Exercise aim:
Retype word for word the stretch of entries below from the line that has "模拟人生类游戏,在里面你可以从头开始扮演一个 人物 ,选择不同的人生来度过一生,各种各样的职业都可以自由地尝试,充满中国特色的" through the line that has "Corinthians continua criando", and omit the pictures.

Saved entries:

◇ ◇ ◇ ◇ ◇ ◇ ◇

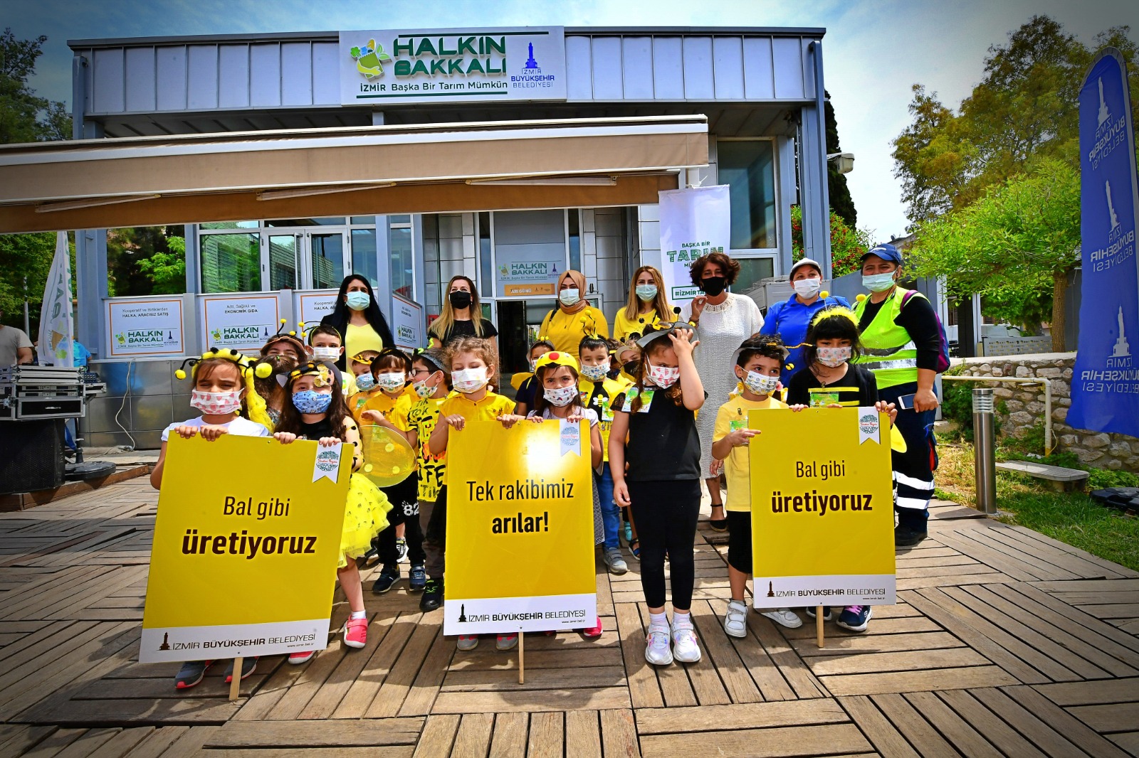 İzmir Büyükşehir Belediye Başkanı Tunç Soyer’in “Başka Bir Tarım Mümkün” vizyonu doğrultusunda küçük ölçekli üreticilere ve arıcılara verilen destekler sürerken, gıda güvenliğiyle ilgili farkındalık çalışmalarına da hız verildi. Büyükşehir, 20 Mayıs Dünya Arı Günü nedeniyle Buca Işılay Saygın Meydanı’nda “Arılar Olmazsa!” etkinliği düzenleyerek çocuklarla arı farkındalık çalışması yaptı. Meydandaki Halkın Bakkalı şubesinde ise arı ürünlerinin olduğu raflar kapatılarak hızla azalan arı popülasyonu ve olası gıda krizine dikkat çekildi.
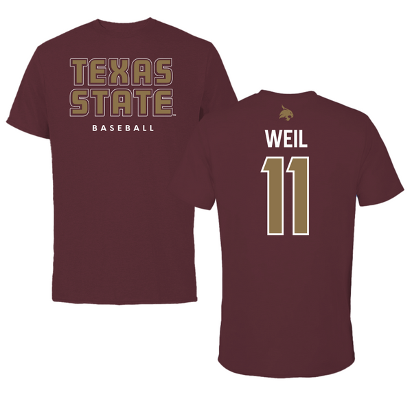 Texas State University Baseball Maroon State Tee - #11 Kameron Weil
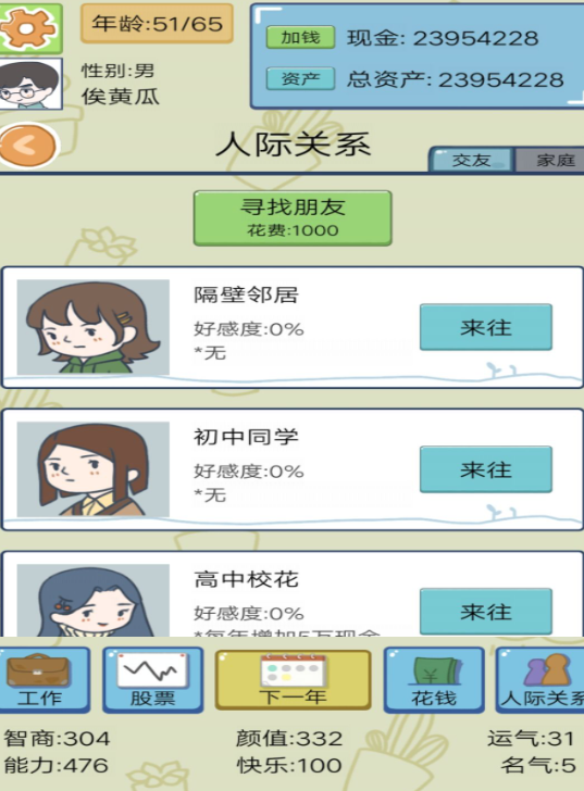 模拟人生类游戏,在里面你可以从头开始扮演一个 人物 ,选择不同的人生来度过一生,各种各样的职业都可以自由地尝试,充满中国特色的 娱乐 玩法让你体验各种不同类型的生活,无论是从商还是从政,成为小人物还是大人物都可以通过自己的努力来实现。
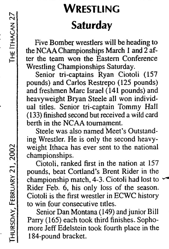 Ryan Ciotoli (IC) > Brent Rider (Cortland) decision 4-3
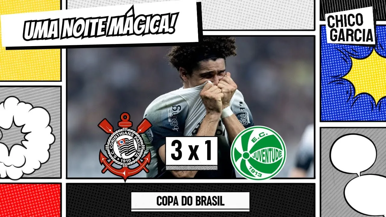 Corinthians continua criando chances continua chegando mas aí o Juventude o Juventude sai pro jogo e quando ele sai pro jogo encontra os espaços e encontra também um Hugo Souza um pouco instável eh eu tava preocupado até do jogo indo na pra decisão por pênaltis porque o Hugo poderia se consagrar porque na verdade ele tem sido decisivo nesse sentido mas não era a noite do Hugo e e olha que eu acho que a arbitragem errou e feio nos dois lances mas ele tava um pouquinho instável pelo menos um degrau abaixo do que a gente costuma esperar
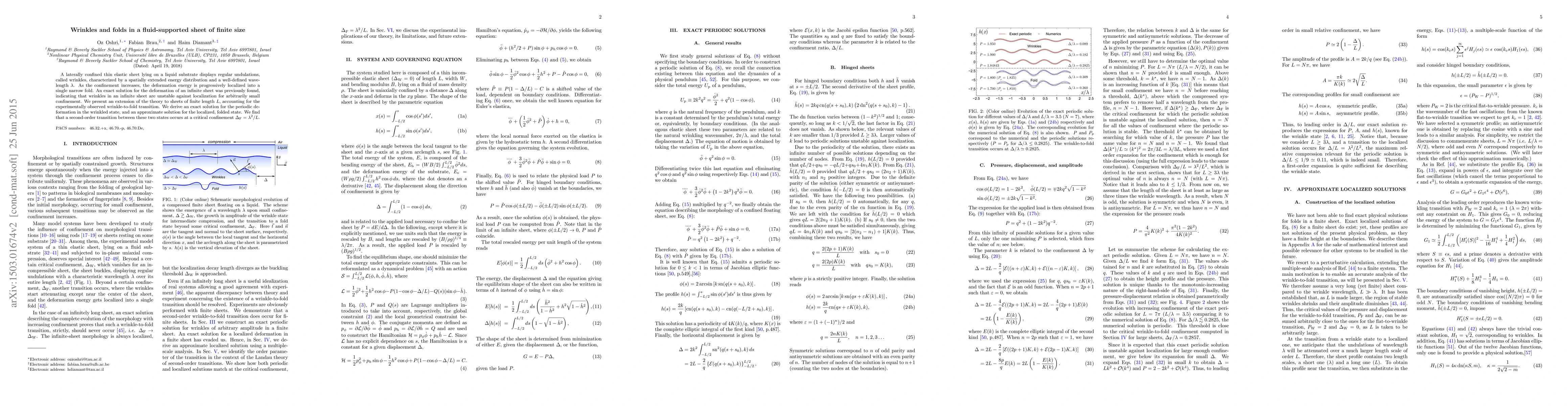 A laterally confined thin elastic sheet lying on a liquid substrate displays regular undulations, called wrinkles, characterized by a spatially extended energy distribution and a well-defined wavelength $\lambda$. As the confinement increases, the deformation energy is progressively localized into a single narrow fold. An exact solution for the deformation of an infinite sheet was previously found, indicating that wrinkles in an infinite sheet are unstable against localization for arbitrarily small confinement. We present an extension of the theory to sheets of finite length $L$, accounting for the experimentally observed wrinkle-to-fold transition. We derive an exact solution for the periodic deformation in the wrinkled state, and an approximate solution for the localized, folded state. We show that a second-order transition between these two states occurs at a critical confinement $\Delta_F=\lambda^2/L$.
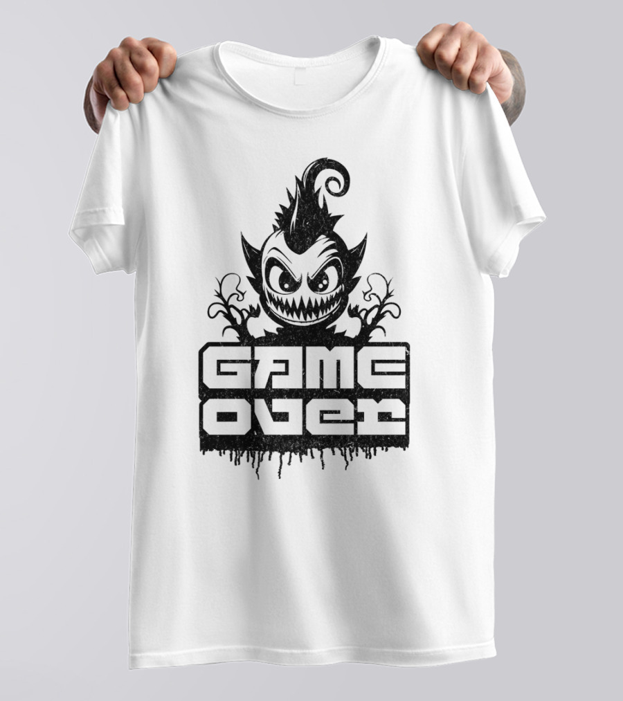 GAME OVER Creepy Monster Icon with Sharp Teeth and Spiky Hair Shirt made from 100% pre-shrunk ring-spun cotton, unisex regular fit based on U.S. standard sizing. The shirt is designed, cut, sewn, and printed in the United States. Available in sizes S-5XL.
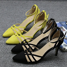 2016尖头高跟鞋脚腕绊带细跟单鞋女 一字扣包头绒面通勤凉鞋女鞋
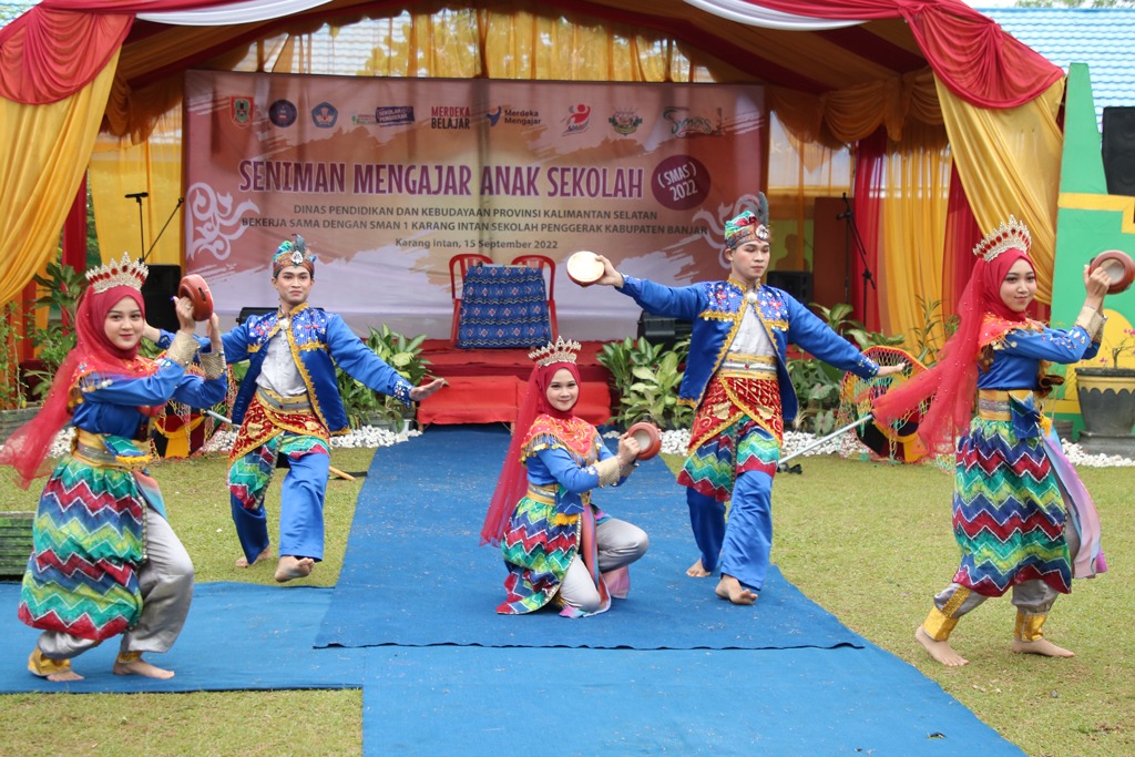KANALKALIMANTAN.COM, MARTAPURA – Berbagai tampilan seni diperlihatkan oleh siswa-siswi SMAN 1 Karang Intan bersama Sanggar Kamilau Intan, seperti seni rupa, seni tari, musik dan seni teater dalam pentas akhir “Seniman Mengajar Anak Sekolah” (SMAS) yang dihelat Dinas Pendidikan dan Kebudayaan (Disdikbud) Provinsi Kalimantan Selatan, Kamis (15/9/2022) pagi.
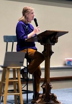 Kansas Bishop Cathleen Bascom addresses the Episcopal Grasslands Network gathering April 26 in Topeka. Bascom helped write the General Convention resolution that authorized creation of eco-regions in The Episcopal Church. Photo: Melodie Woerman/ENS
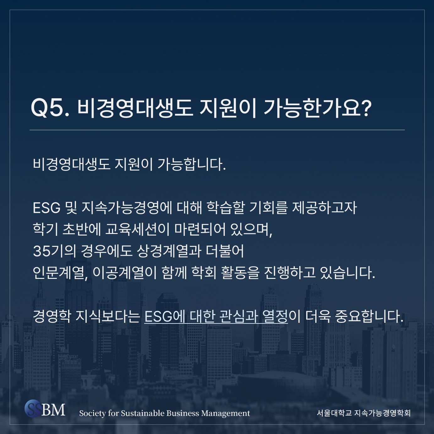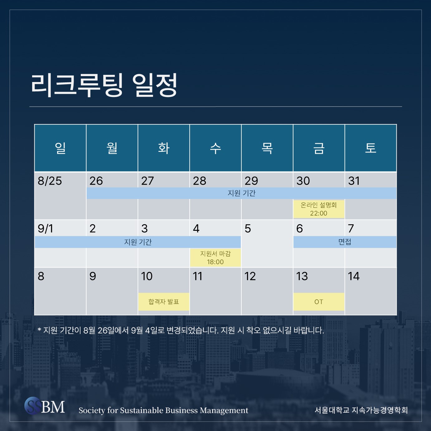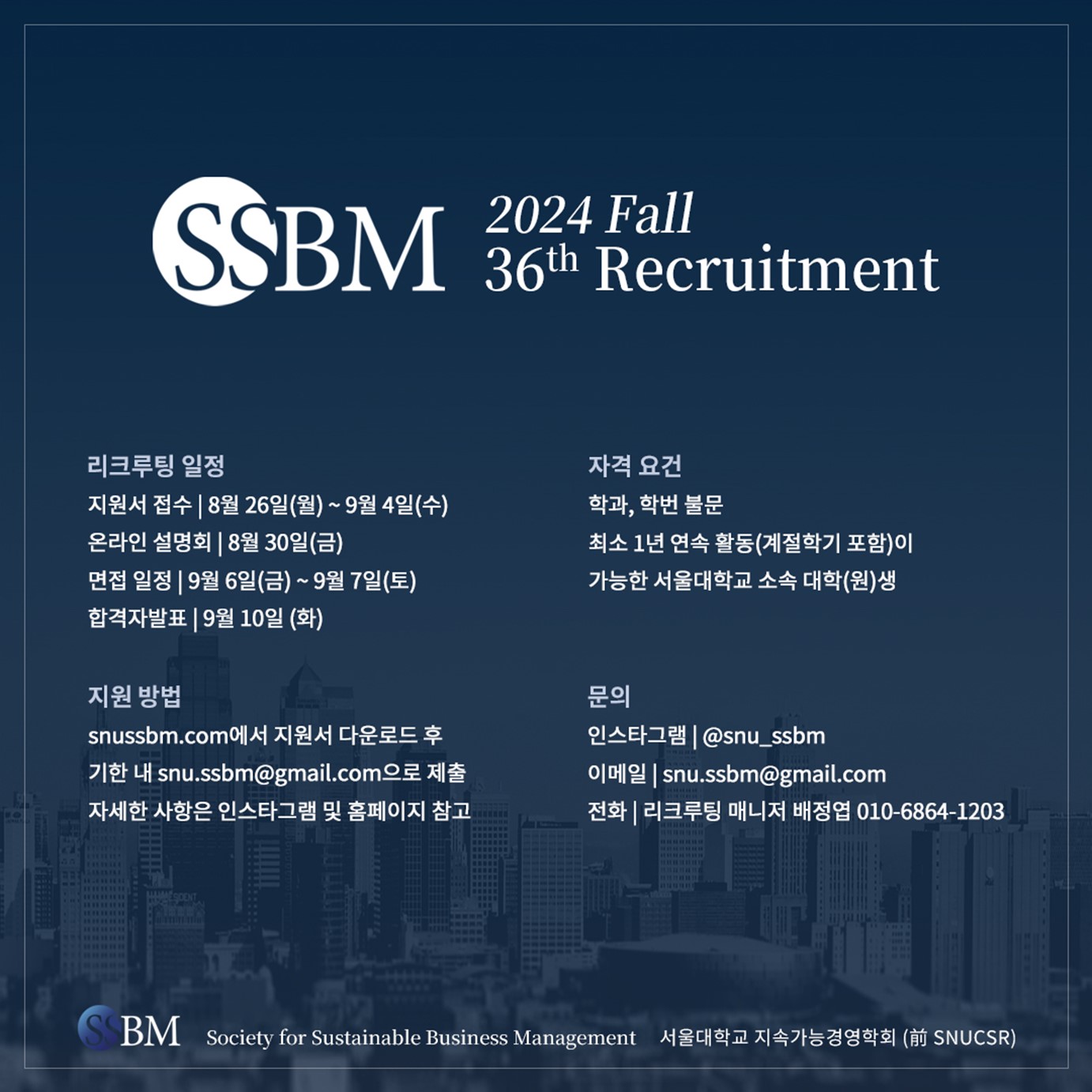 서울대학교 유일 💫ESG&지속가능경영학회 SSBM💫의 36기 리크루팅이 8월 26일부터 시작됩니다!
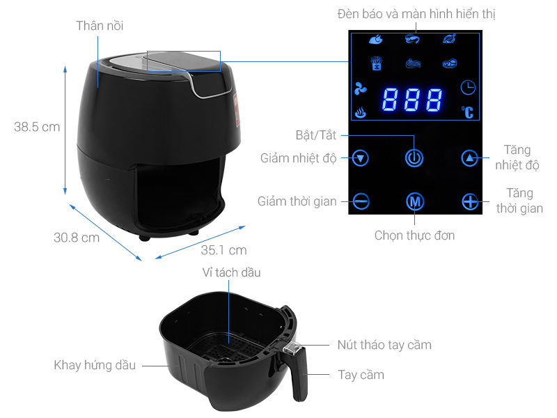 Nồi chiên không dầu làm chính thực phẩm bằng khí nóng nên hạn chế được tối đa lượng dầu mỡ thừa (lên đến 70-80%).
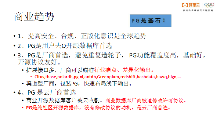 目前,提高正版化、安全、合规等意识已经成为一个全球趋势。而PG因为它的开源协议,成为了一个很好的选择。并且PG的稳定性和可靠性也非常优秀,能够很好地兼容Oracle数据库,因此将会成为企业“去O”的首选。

◇ ◇ ◇ ◇ ◇ ◇ ◇

Result:
 模拟人生类游戏,在里面你可以从头开始扮演一个 人物 ,选择不同的人生来度过一生,各种各样的职业都可以自由地尝试,充满中国特色的 娱乐 玩法让你体验各种不同类型的生活,无论是从商还是从政,成为小人物还是大人物都可以通过自己的努力来实现。
 Ryan Ciotoli (IC) > Brent Rider (Cortland) decision 4-3
 Corinthians continua criando chances continua chegando mas aí o Juventude o Juventude sai pro jogo e quando ele sai pro jogo encontra os espaços e encontra também um Hugo Souza um pouco instável eh eu tava preocupado até do jogo indo na pra decisão por pênaltis porque o Hugo poderia se consagrar porque na verdade ele tem sido decisivo nesse sentido mas não era a noite do Hugo e e olha que eu acho que a arbitragem errou e feio nos dois lances mas ele tava um pouquinho instável pelo menos um degrau abaixo do que a gente costuma esperar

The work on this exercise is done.